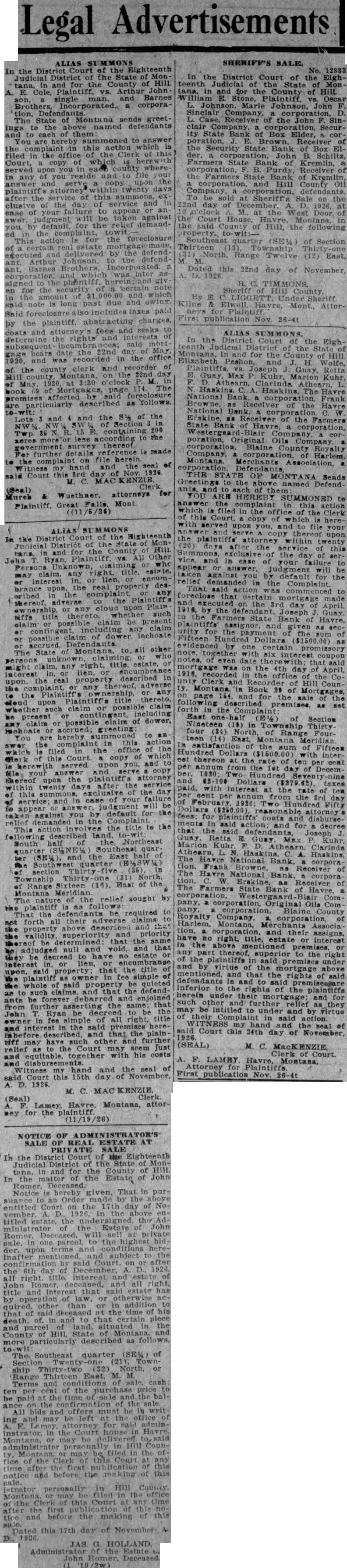 Legal Advertisements ALIAS SUMMONS In the District the Eighteenth Judicial District of the State of Montana, In and for the County of Hill. A. E. Cole, Plaintiff. vs. Arthur John son, single man. and Barnes Brothers, Incorporated, corporaThe State of Montana sends greet. ings to the above named defendants and to each of them You are hereby to answer the this action which is filed in the office of the Clerk of this of which herew served Court, upon copy you in where in any of you reside file answer and serve copy upon the plaintiff's attorney twenty days after of this summons, ex clusive of the day service and case of your failure to appear or an swer judgment be taken against you, by default, for the relief demandthe ed This action compla for the foreclosure of certain real estate defend and delivered by the to the defend Arthur was later signed giv en for the security and which note is long past due and owing. foreclosure taxes paid by the plaintiff abstracting charges, costs and attorney's fees and seeks determine the rights and said gage bears date the 22nd day the of office May and was in the county clerk and recorder Montana on the 22nd day of May 1920 at 3:30 o'clock P. M. book 69 of Mortgages, page 174. The premises affected by said foreclosure are particularly described as follows Lots and and the S½ of the NW% NW SW of Section Twp. 36 N. 15 E. containing 200 less according to the government survey thereof. For further details reference is made to the complaint on file herein Witness hand and the seal of said Court this 3rd day of KENZIE, Nov 1936 C. MAC (Seal) attorneys for Murch & Great Mont. ALIAS SUMMONS Court of the In Fudicial the District District of the State of and for the County All Other John claiming estate. who claim. any may or interest in, or lien, or enoumbrance upon, the real property des- any in the complaint the Plaintiff's adverse whether such title thereto, claim be present or poss contingent including any claim or possible of inchoate The State of Montana. all other who persons claim, any right, estate, or interest lien, or encumbrance upon. real property described in the complaint, any adverse the Plaintiff's ownership or any sloud upon Plaintiff's title thereto, whether such claim or possible claim present contingent including claim possible elaim of dower, are hereby to action an complaint in this the swer which is filed the office of the Clerk of this Court copy of which herewith served upon you, and and serve copy answer shereof file, upon the plaintiff's attorney service within twenty days after the this summons, exclusive of the day service and in case your will failure be udgment taken appear against you by default for the relief demanded in the This action the title to the Northeast South ter (SE% and the East half of the Southwest quarter section Thirty five 35) in Township Thirty North, of Range Sixteen (16). East of the Meridian Montana The the relief sought by is as follows the be required to forth all their adverse property above described and the validity superiority and priority Mareof determined that the same adjudged null and void, and that they be decreed have no estate interest in or lien, or eneumbrance upon, said property: that the title plaintiff as owner simple the whole said property be quieted to such claims. and that the defendants be forever debarred and enjoined from further asserting the same: John Ryan be the owner in fee all right, title and said premises hereimbefore described, and that the plain tiff may have such other and further relief as to the Court may seem just and equitable, together with his costs and Witness my hand and the seal of said Court this 15th day of November, D. 1926 M. C. MAC KENZIE (Seal) Lamey Havre Montana, attormey for the plaintiff (11/19/26) NOTICE OF ADMINISTRATOR'S SALE OF REAL ESTATE AT PRIVATE SALE District the Eighteenth In the District the of Montana. and the County of Hill. the the Estate of John In matter Romer Notice is hereby given, That in pur made entitled on day of No vember the titled the the of Estate John ministrator will at sale the Inafter the by said Court, on or the 6th day of December A. all title interest and John all title and that said estate has of law or otherwise by other than or addition that quired. said deceased at the time of his in that and land, County of HHL State of Montana. and more described as follows, to-wit The Southeast quarter (SE%) of Tow Sectio ship Thirty (32) North. or Range Thirteen East. M M. Terms and conditions of sale, cash ten per cent of the purchase price be paid at the time sale and the bal ance the the All bids and offers must be in writ ing and may be left at the office Lamey, attorney for said admin instrator, in the Court house in Havre. administrator in Hill County, Montana. or may filed in the office of the Clerk of this Court at any time after the first lication of this notice and before the making of this istrator sale. personally in Hill County Montana. or may filed in the office of the Clerk of this Court at any time after the first tice and before the making of this Dated this 17th day of November & Administrator of the Estate John Romer, Deceased 19/2w) SHERIFF'S SALE. No. 12833 In the District Court of the Eighteenth Judicial of the State of Mon. tana, in and for the County of Hill Johnson Marie Johnson, John Sinclair Company, D. Case, of the John F. Sinclair Company, Security State Bank of Box Elder, cor Brown, Receiver the Security State Bank of Box ElFarmers State Bank of Kremlin, corporation. F. B. Purdy, Receiver of the Farmers State Bank of Kremlin a corporation. and Hill County Oil Company To be sold at Sheriff's Sale on the 22nd day of December, D. 1926. M. at the West Door, of the Court House, Havre Montana, in the said County of Hill, the following to-wit:Southeast quarter (SE%) Section Thirteen (13) Thirty-one M M. North, Range Twelve (12) East, Dated this 22nd day of November, A. Sheriff Hill County By E LIGGETT. Sheri
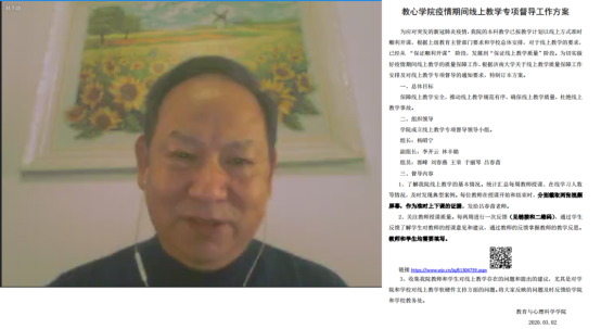 为应对突发的新冠肺炎疫情,我院的本科教学已按教学计划以线上方式准时顺利开课。根据上级教育主管部门要求和学校关于《济南大学关于加强2020年春季学期本科线上教学保障的通知》要求,为保证我院后续线上教学质量,切实做好疫情期间线上教学质量的保障工作,学院成立了以杨昭宁院长为组长的线上教学督导领导小组。学院教学督导委员会主任林丰勋教授起草制定了《教心学院疫情期间线上教学专项督导工作方案》,并在此次研讨会上与全院老师进行了交流沟通。该方案在不增加授课教师额外教学负担的同时,保证学院能够及时了解本院线上教学基本情况、教师的授课质量以及教学效果,以确保疫情期间我院所有在线课程的顺利实施。
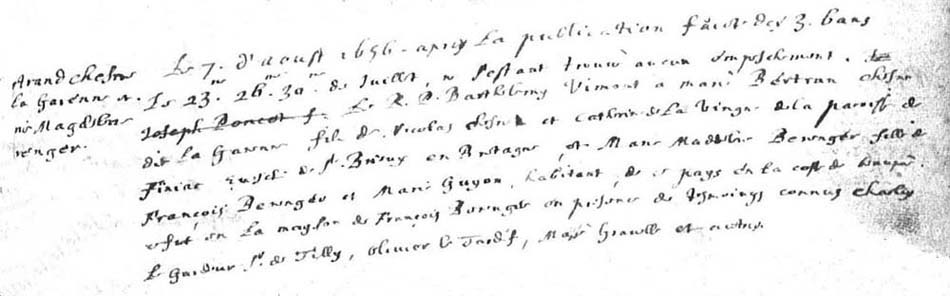Marriage record between Bertrand Chesnay Dit Lagarenne & Marie Madeleine Bellanger
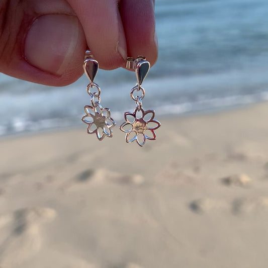 925 Sterling Silver Hammered Daisy Flower Drop Earrings
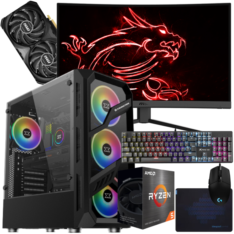 Écran Gaming Gaming Incurvé MSI G27C4 27" Full HD 170Hz - Boîtier Xigmatek Lamiya Moyen Tour RGB - Processeur AMD Ryzen 5 5600X, up to 4.6 Ghz, 35 Mo de mémoire cache - RAM 32 Go (2x 16 Go) TeamGroup DDR4 3200MHz - Disque SSD 1 To TeamGroup MS30 M.2 - Carte Graphique MSI GeForce RTX 4060 Ti VENTUS 2X OC Black, 8 Go de mémoire GDDR6 dédiée - Carte Mère ASRock B550M Phantom Gaming 4 - Boite d'alimentation AeroCool LUX 750W / 80+ Bronze - Clavier Gaming Mécanique Xtrike Me GK-915 / RGB / Blue Switch - Souris Gaming Logitech G102 Prodigy / Noir - Tapis souris Gaming Lenovo IdeaPad Gaming M / Bleu - Garantie 1 an
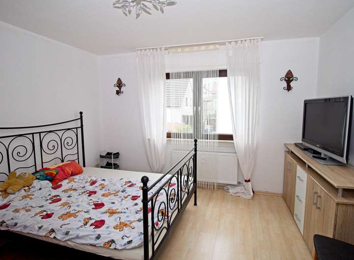 • Maisonette-Wohnung (1. Obergeschoss und Dachgeschoss): Die großzügige 5,5-Zimmer-Maisonettewohnung erstreckt sich über ca. 125 m². Im unteren Bereich der Wohnung befinden sich das große Wohnzimmer-Esszimmer, ein Schlafzimmer, die Küche, ein WC, ein Badezimmer und ein Balkon. Im oberen Bereich sind drei weitere Zimmer, die als Schlafzimmer oder Büro genutzt werden können, ebenso ein Badezimmer.

* [The problem] When you reach the line with "925 Sterling Silver" in the records above, start writing out each line exactly, and stop after the line with "Écran Gaming Gaming". Pictures stay out.

* [Solution to the exercise]
 925 Sterling Silver Hammered Daisy Flower Drop Earrings
 Écran Gaming Gaming Incurvé MSI G27C4 27" Full HD 170Hz - Boîtier Xigmatek Lamiya Moyen Tour RGB - Processeur AMD Ryzen 5 5600X, up to 4.6 Ghz, 35 Mo de mémoire cache - RAM 32 Go (2x 16 Go) TeamGroup DDR4 3200MHz - Disque SSD 1 To TeamGroup MS30 M.2 - Carte Graphique MSI GeForce RTX 4060 Ti VENTUS 2X OC Black, 8 Go de mémoire GDDR6 dédiée - Carte Mère ASRock B550M Phantom Gaming 4 - Boite d'alimentation AeroCool LUX 750W / 80+ Bronze - Clavier Gaming Mécanique Xtrike Me GK-915 / RGB / Blue Switch - Souris Gaming Logitech G102 Prodigy / Noir - Tapis souris Gaming Lenovo IdeaPad Gaming M / Bleu - Garantie 1 an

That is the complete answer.